Government seeks to build trust in public consultations, as complaints procedure takes too long
Ministers are struggling to trust the official Covid inquiry after it emerged that Matt Hancock had entrusted more than 100,000 official WhatsApp messages to a journalist recognised as a vocal critic of the lockdown.
The messages, delivered through the former fitness secretary to Isabel Oakeshott, who then relayed them to The Daily Telegraph, prompted calls from teams in the grieving family circle and Labour Party for the investigation to have more teeth and end quickly.
Both Hancock and an acting health minister insisted that what the Telegraph presented as the key revelation – this recommendation to screen anyone entering a nursing home for covid at the start of the pandemic – misrepresented and ignored other evidence.
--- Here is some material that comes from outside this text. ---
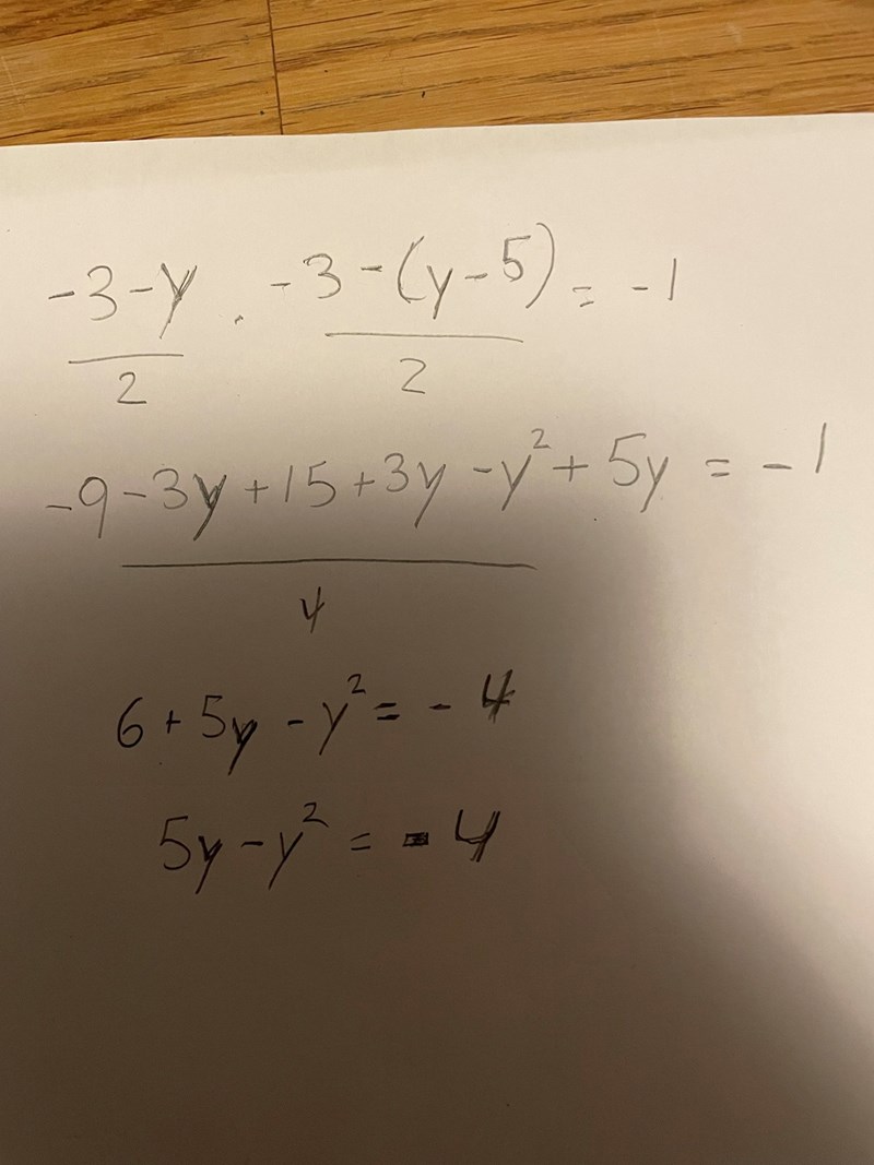 (-3-y) / (2-0) * (-3-(y-5)/ (2-0) = -1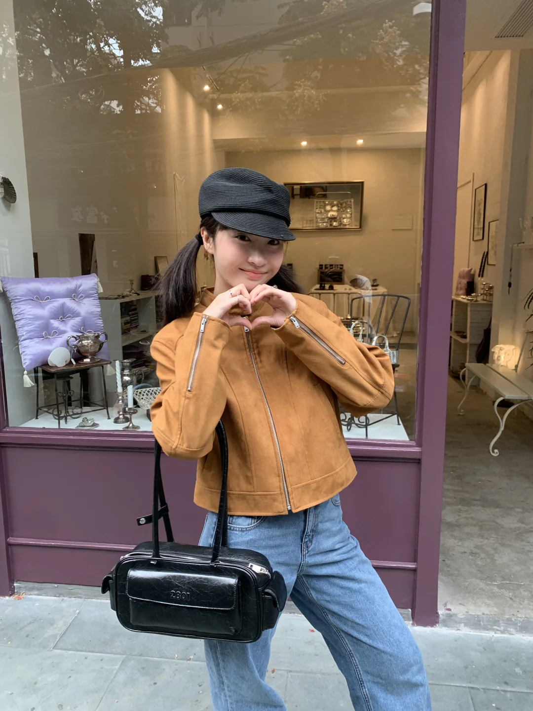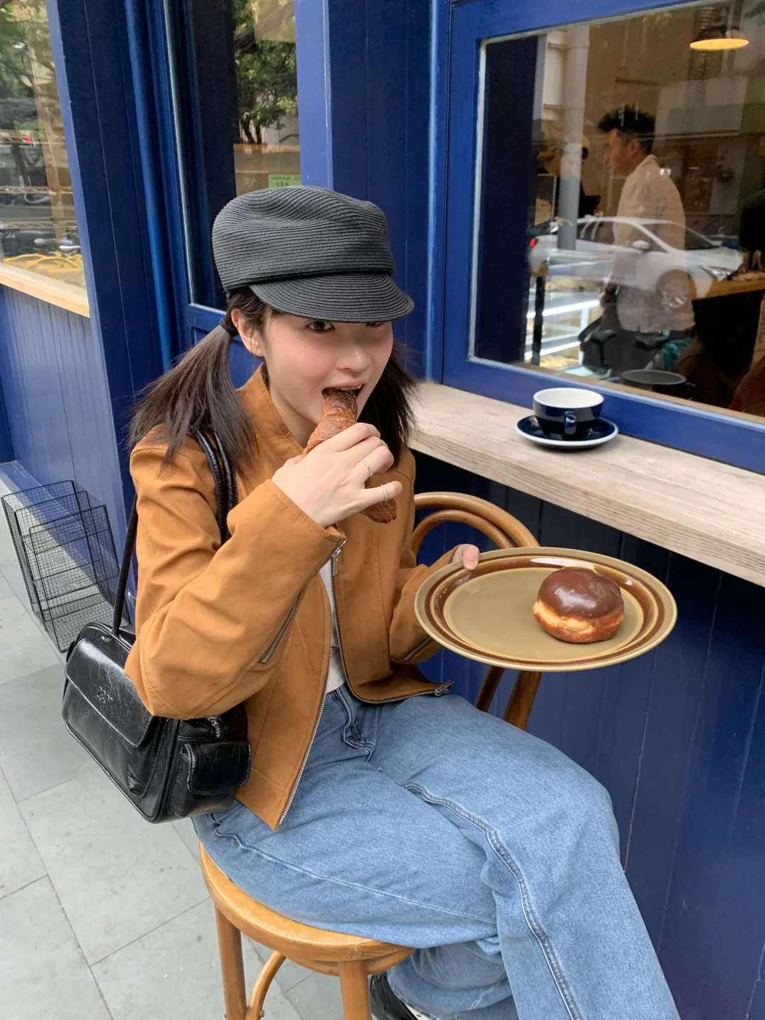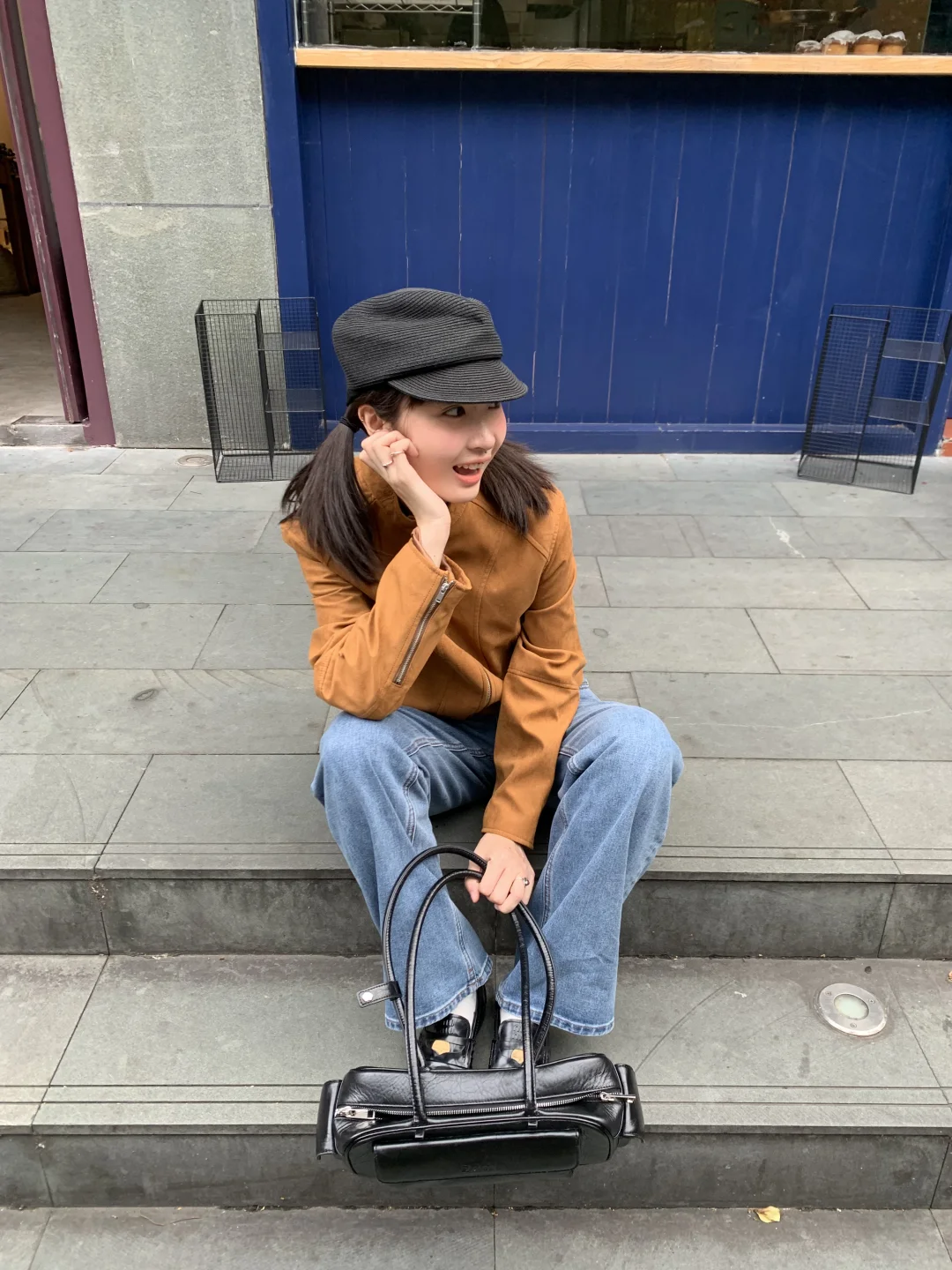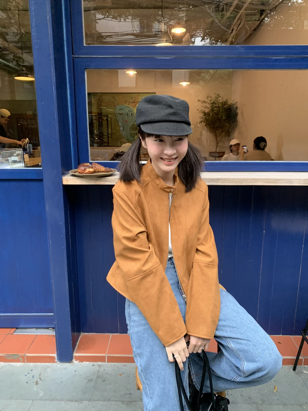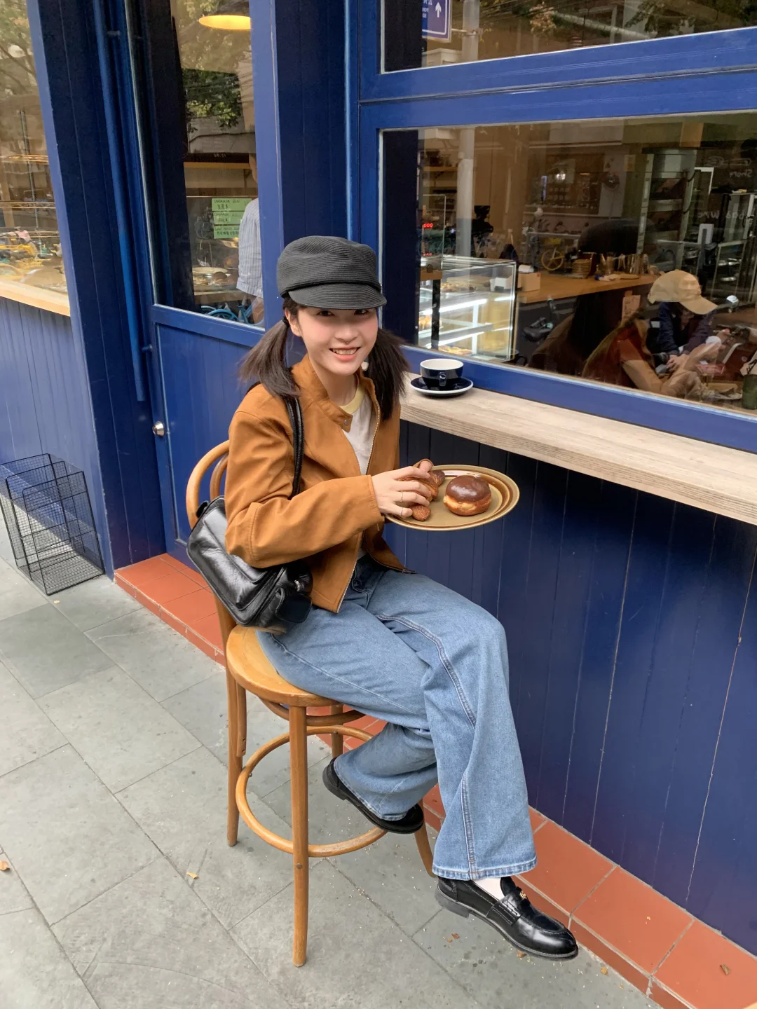 很舒适的一天 很喜欢这条街的感觉 和我今天的穿搭也很搭呢 这件焦糖色麂皮小夹克,摸起来软软的 短款的设计显得我个子都高了些。里面搭件简单的白T恤,舒服又不单调 加上了简单的牛仔裤,走起路来风一吹特别自在,配上我这顶灰色报童帽,扎个双马尾,是不是有点俏皮又复古的感觉?🤭

Hancock reacted furiously to Oakeshott’s resolution to provide the Telegraph with the messages he had given him so he could write his memoir in Pandemic Diaries and reportedly questioned whether it violated a confidentiality agreement (NDA) between the two.
The Telegraph’s initial story about messages addressed to an April 2020 exchange in which Professor Chris Whitty, England’s leading medical officer, told Hancock that “all people entering nursing homes” should be tested, recommending “isolation pending outcome”.
According to the leaked message, Hancock rejected this, telling an aide that such a move “muddies the waters. “
Hancock, who was Boris Johnson’s fitness secretary at the peak of the pandemic, said the narrative had been “manipulated to create a false story”.
Helen Whately, the minister for social affairs, who held the same position at the start of the pandemic, also said the story was misleading. He said the UK only had access to a limited amount of testing and pointed to what he described as an email sent without delay after the exchange of messages requesting testing on hospitalised patients entering nursing homes.
However, the revelations so far, with the prospect of more stories in the coming days, are uncomfortable for Hancock and the government.
There is a parallel sense of perplexity among many MPs over Hancock’s resolve to entrust such a sensitive piece of data about the reaction to the pandemic to a journalist known for her anti-lockdown views. “I think Isabel is a wonderful journalist. She’s not a very smart friend. Former fitness minister James Bethell told the BBC.
Several ministers in Johnson’s government have privately expressed anger and frustration with Hancock over the “naivety” of his revelations, even though he drafted a confidentiality agreement with Oakeshott.